Andrew Wiggins news got you down? This story will cheer you up.
A man was arrested in Bullitt County yesterday for throwing himself a barbecue with an elaborate spread of food and beverage. 30-year-old Trevor Runyon went through six steaks, a couple pounds of shrimp, salad, a birthday cake, cold beer, an entire case of soft drinks and a gallon of tea for a late night dinner Sunday evening.

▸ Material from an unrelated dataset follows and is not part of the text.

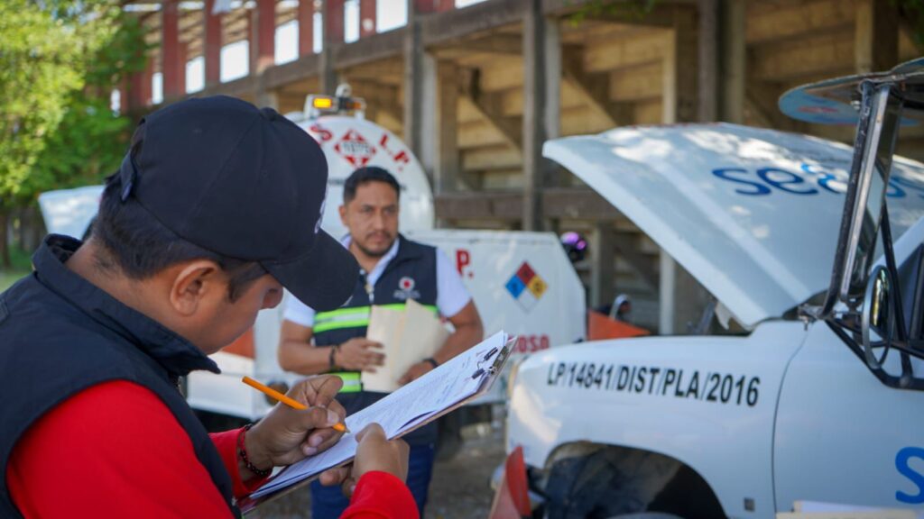 Durante las inspecciones, se aplicaron listas de verificación que incluyeron la revisión de posibles fugas de gas, la disponibilidad de botiquín de primeros auxilios, herramientas básicas, vigencia de extintores, estado óptimo de llantas y la comprobación de seguro de cobertura amplia. Asimismo, se validaron los dictámenes correspondientes conforme a las normas -05 y -07.

Sounds pretty amazing, right?
Well, the problem is, Runyon did it all after closing time inside the ValuMarket in Mt. Washington. According to a report from WDRB, he hid in the grocery store’s restroom until all employees were gone and the place was locked up for the evening. Once the coast was clear, he came out and fired up a grill inside the store and went to town on all the food and drinks he could get his hands on. He also helped himself to a carton of cigarettes and two lighters.
It gets better, though.
At one point during the one-man dinner party, Runyon pooped in his pants from all of the food. So what did he do? He took a pair of Bullitt East underwear off the shelf, along with a couple t-shirts, and changed into something a little more comfortable.
We’re still going….
Runyon might’ve gotten away with it all if not for the trail of 57 Reddi-wip cans he left behind in the garbage cans. Employees found the cans the next morning, thought something was suspicious, obviously, so management went to the surveillance tapes. It was then that they found footage of ol’ Trevor Runyon feasting inside the store after hours.
Now, my favorite part…
He never left the building. Runyon was found asleep in the attic of the ValueMarket — which means he was probably going for another helping last night — and the fire department had to come in to rescue him from the building. The report says there was damage was done to the building to remove him from the attic.
Police say Runyon was very friendly and didn’t give anyone any trouble during the arrest.